Exercise instructions => What you output must match the entries exactly, apart from the pictures, which are left out.

Extracted entries =>
━━━━━━━━

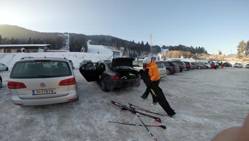 Elem, dosta o navigaciji (svojsvena je jednom drugom hobiju :D), da pređem na stvar: skijalište ima dve polazne pozicije: parking na četvorosedu (N46.50473° E13.56162°) i parking na gondoli iznad FIS staze 1 i ujedno najveće atrakcije skijališta (N46.50734° E13.53452°).
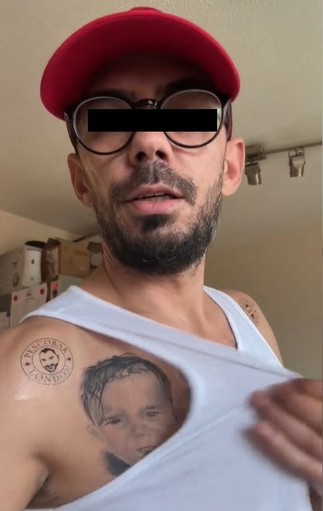 Pe pagina sa de TikTok, bărbatul a publicat un filmuleț în care anunța că și l-a tatuat pe Pescobar. A venit și cu dovezi, arătând că are două tatuaje, cu chipul și numele afaceristului, pe ambii umeri.
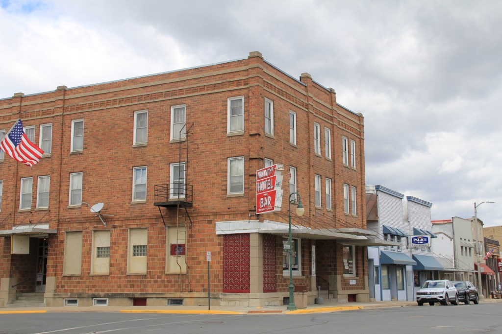 A flag flies near The Monty Bar, a mammoth building anchoring a corner. (Minnesota Prairie Roots copyrighted photo June 2024)
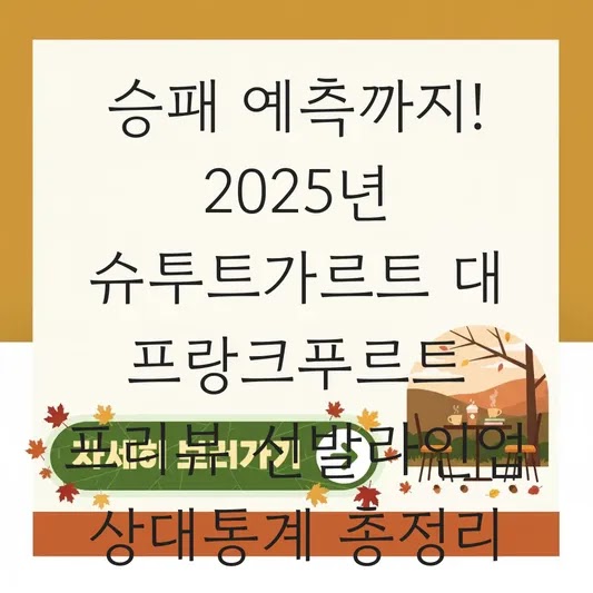 기업 컨설팅 전문가인 저는 항상 복잡한 현상을 단순화하고 핵심을 파악하는 데 집중합니다. 축구 경기도 마찬가지입니다. 단순히 응원하는 팀의 승리를 바라는 것만으로는 부족합니다. 겉으로 보이는 최근 몇 경기 결과 외에 양 팀의 상대 전적, 득점 패턴, 그리고 숨겨진 통계까지 분석해야 진정한 예측이 가능합니다. 이 글은 2025/2026 시즌의 슈투트가르트 대 프랑크푸르트 경기를 앞두고, 복잡한 데이터를 구조화하여 명확한 예측 인사이트를 제공합니다.
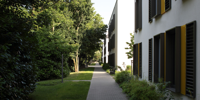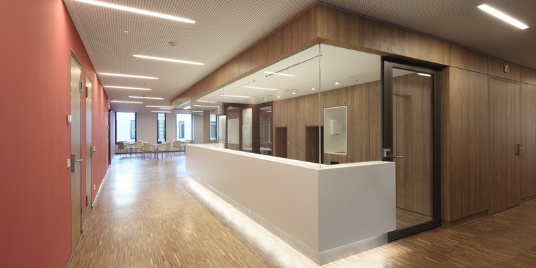 Die vier Bettenhäuser folgen klaren Entwurfsprinzipien und schaffen flexibel belegbare Stationen. Die 340 Patienten in den Bettenhäusern und 15 Patienten in der Mutter-Drogen-Kind-Station im Altbau sind ausschließlich in Ein- und Zwei-Bettzimmern untergebracht. Durch die Atriumtypologie entstehen gut belichtete Flurzonen, die eine klare Orientierung und Möglichkeiten zum Schlendern bieten.
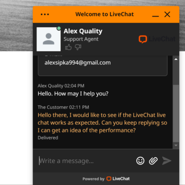 Είδα το widget ζωντανής συνομιλίας LiveChat και από τις δύο πλευρές – και από την οπτική γωνία του αντιπροσώπου και του πελάτη για να έχω την πλήρη εμπειρία και μπορώ να πω ότι όλα λειτούργησαν τέλεια, όπως αναμενόταν. Μόλις ξεκίνησα τη συνομιλία ως πελάτης και ένα αυτόματο μήνυμα με χαιρέτησε αμέσως (μπορείτε να προσαρμόσετε αυτό το μήνυμα στις ρυθμίσεις, στην περιοχή Στοχευμένα μηνύματα). Με ανοιχτό τον πίνακα ελέγχου του LiveChat, έλαβα αμέσως μια οπτική και ηχητική ειδοποίηση σχετικά με ένα νέο εισερχόμενο μήνυμα. Η καρτέλα του προγράμματος περιήγησης σας δίνει επίσης μια ειδοποίηση μέχρι να αποφασίσετε να κάνετε κλικ σε αυτήν. Μέχρι εδώ καλά.

━━━━━━━━

Worked solution =>
 Elem, dosta o navigaciji (svojsvena je jednom drugom hobiju :D), da pređem na stvar: skijalište ima dve polazne pozicije: parking na četvorosedu (N46.50473° E13.56162°) i parking na gondoli iznad FIS staze 1 i ujedno najveće atrakcije skijališta (N46.50734° E13.53452°).
 Pe pagina sa de TikTok, bărbatul a publicat un filmuleț în care anunța că și l-a tatuat pe Pescobar. A venit și cu dovezi, arătând că are două tatuaje, cu chipul și numele afaceristului, pe ambii umeri.
 A flag flies near The Monty Bar, a mammoth building anchoring a corner. (Minnesota Prairie Roots copyrighted photo June 2024)
 기업 컨설팅 전문가인 저는 항상 복잡한 현상을 단순화하고 핵심을 파악하는 데 집중합니다. 축구 경기도 마찬가지입니다. 단순히 응원하는 팀의 승리를 바라는 것만으로는 부족합니다. 겉으로 보이는 최근 몇 경기 결과 외에 양 팀의 상대 전적, 득점 패턴, 그리고 숨겨진 통계까지 분석해야 진정한 예측이 가능합니다. 이 글은 2025/2026 시즌의 슈투트가르트 대 프랑크푸르트 경기를 앞두고, 복잡한 데이터를 구조화하여 명확한 예측 인사이트를 제공합니다.
 Die vier Bettenhäuser folgen klaren Entwurfsprinzipien und schaffen flexibel belegbare Stationen. Die 340 Patienten in den Bettenhäusern und 15 Patienten in der Mutter-Drogen-Kind-Station im Altbau sind ausschließlich in Ein- und Zwei-Bettzimmern untergebracht. Durch die Atriumtypologie entstehen gut belichtete Flurzonen, die eine klare Orientierung und Möglichkeiten zum Schlendern bieten.
 Είδα το widget ζωντανής συνομιλίας LiveChat και από τις δύο πλευρές – και από την οπτική γωνία του αντιπροσώπου και του πελάτη για να έχω την πλήρη εμπειρία και μπορώ να πω ότι όλα λειτούργησαν τέλεια, όπως αναμενόταν. Μόλις ξεκίνησα τη συνομιλία ως πελάτης και ένα αυτόματο μήνυμα με χαιρέτησε αμέσως (μπορείτε να προσαρμόσετε αυτό το μήνυμα στις ρυθμίσεις, στην περιοχή Στοχευμένα μηνύματα). Με ανοιχτό τον πίνακα ελέγχου του LiveChat, έλαβα αμέσως μια οπτική και ηχητική ειδοποίηση σχετικά με ένα νέο εισερχόμενο μήνυμα. Η καρτέλα του προγράμματος περιήγησης σας δίνει επίσης μια ειδοποίηση μέχρι να αποφασίσετε να κάνετε κλικ σε αυτήν. Μέχρι εδώ καλά.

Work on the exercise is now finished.